Top of Data extract

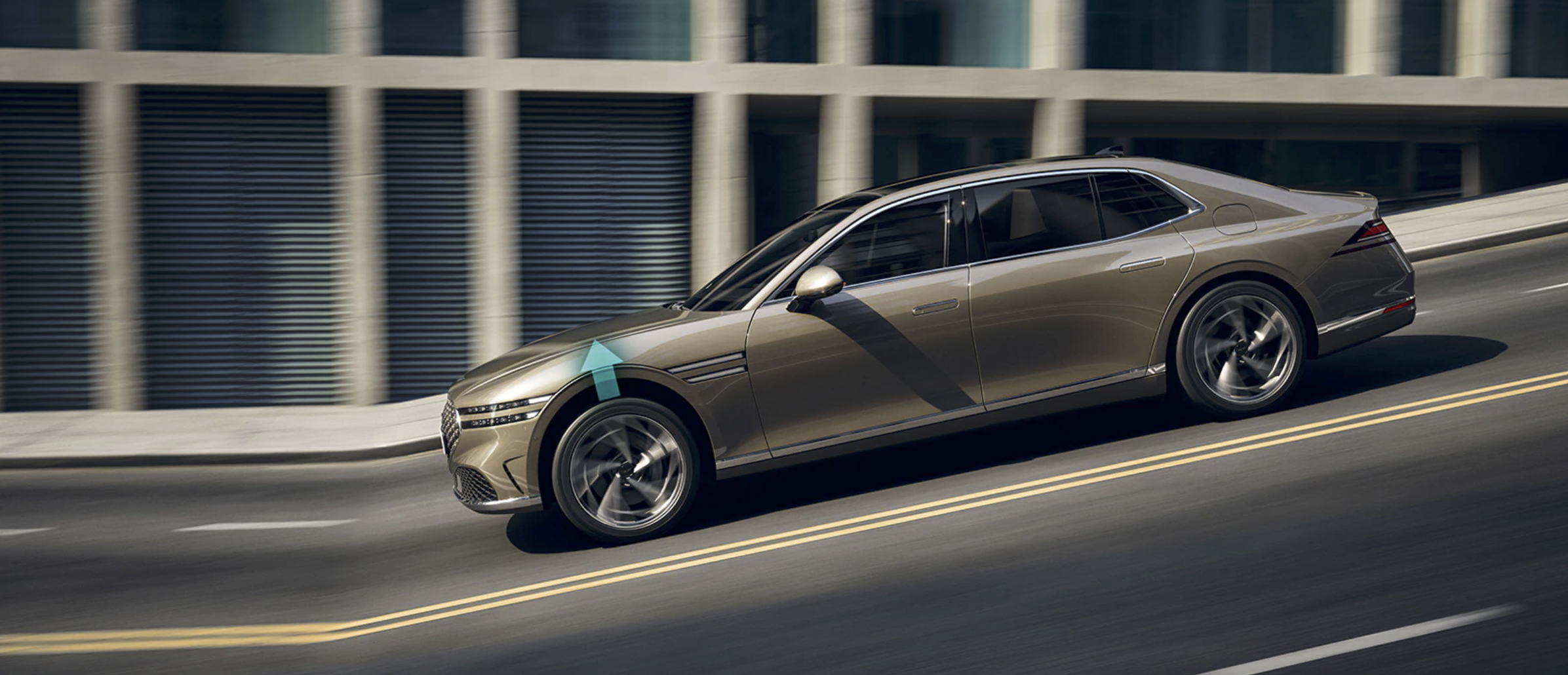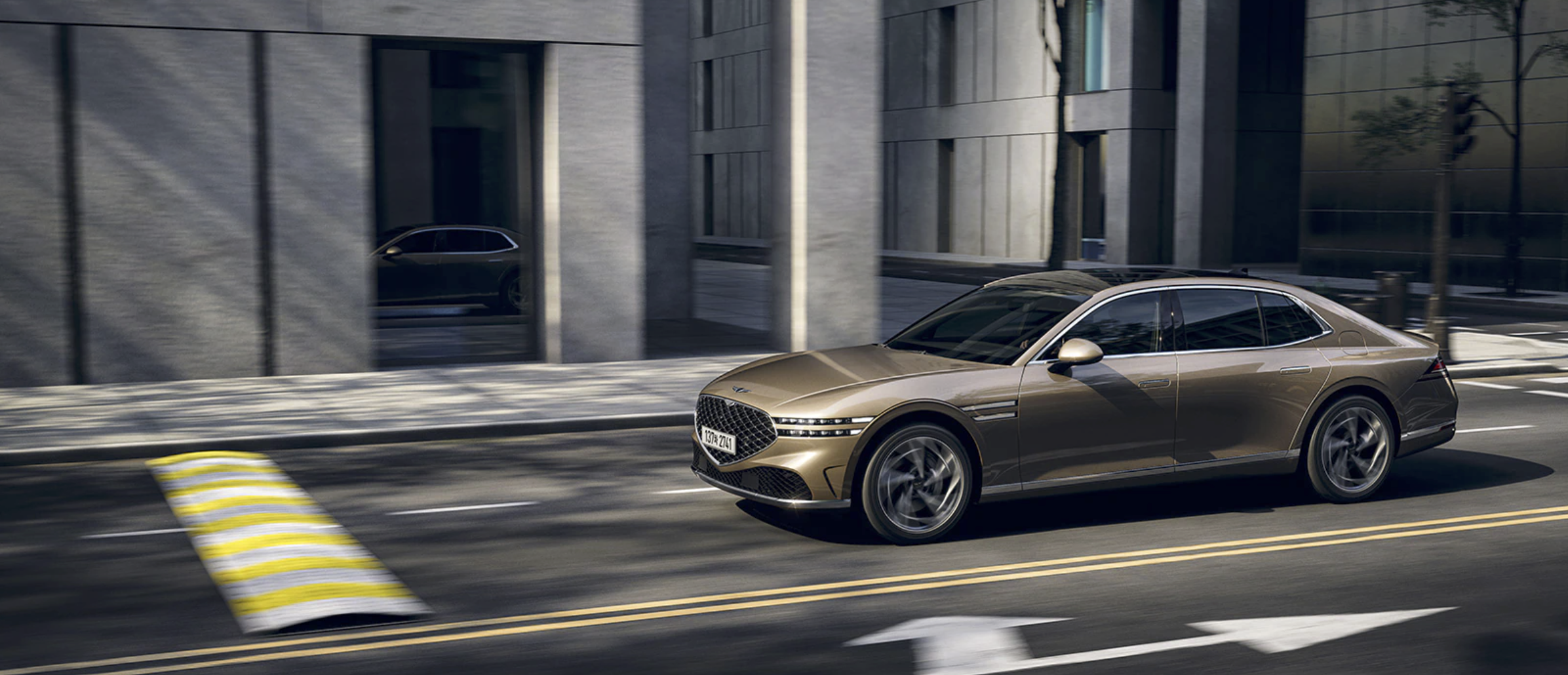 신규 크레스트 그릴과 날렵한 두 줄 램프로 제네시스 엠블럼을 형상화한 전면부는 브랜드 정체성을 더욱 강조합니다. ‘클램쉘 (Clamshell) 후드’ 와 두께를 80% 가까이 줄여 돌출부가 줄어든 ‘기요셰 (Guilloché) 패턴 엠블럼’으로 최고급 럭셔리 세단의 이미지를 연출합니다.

Bottom of Data extract
Top of Data extract

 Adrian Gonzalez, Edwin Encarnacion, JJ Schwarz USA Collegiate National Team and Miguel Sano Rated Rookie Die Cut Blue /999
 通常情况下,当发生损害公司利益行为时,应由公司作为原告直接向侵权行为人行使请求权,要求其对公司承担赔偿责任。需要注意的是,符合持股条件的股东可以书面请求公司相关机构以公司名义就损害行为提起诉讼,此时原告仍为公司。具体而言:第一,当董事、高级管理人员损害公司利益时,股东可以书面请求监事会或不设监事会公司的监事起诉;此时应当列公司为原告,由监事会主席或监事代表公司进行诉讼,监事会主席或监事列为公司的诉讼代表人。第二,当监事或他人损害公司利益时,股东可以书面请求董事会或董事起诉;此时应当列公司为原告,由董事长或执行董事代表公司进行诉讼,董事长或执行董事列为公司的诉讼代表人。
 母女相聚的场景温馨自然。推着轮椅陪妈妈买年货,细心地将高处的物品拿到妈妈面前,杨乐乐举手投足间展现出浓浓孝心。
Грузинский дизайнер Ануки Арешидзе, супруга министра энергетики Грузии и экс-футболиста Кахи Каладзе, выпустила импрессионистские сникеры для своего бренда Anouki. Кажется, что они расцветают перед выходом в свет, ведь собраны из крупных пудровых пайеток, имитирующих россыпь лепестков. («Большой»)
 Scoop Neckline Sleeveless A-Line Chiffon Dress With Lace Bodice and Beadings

Bottom of Data extract

=== Exercise details ===
Reproduce the entries above exactly, but only the lines between the line holding "通常情况下,当发生损害公司利" and the line holding "母女相聚的场景温馨自然。推着", inclusive.

=== Solution ===
 通常情况下,当发生损害公司利益行为时,应由公司作为原告直接向侵权行为人行使请求权,要求其对公司承担赔偿责任。需要注意的是,符合持股条件的股东可以书面请求公司相关机构以公司名义就损害行为提起诉讼,此时原告仍为公司。具体而言:第一,当董事、高级管理人员损害公司利益时,股东可以书面请求监事会或不设监事会公司的监事起诉;此时应当列公司为原告,由监事会主席或监事代表公司进行诉讼,监事会主席或监事列为公司的诉讼代表人。第二,当监事或他人损害公司利益时,股东可以书面请求董事会或董事起诉;此时应当列公司为原告,由董事长或执行董事代表公司进行诉讼,董事长或执行董事列为公司的诉讼代表人。
 母女相聚的场景温馨自然。推着轮椅陪妈妈买年货,细心地将高处的物品拿到妈妈面前,杨乐乐举手投足间展现出浓浓孝心。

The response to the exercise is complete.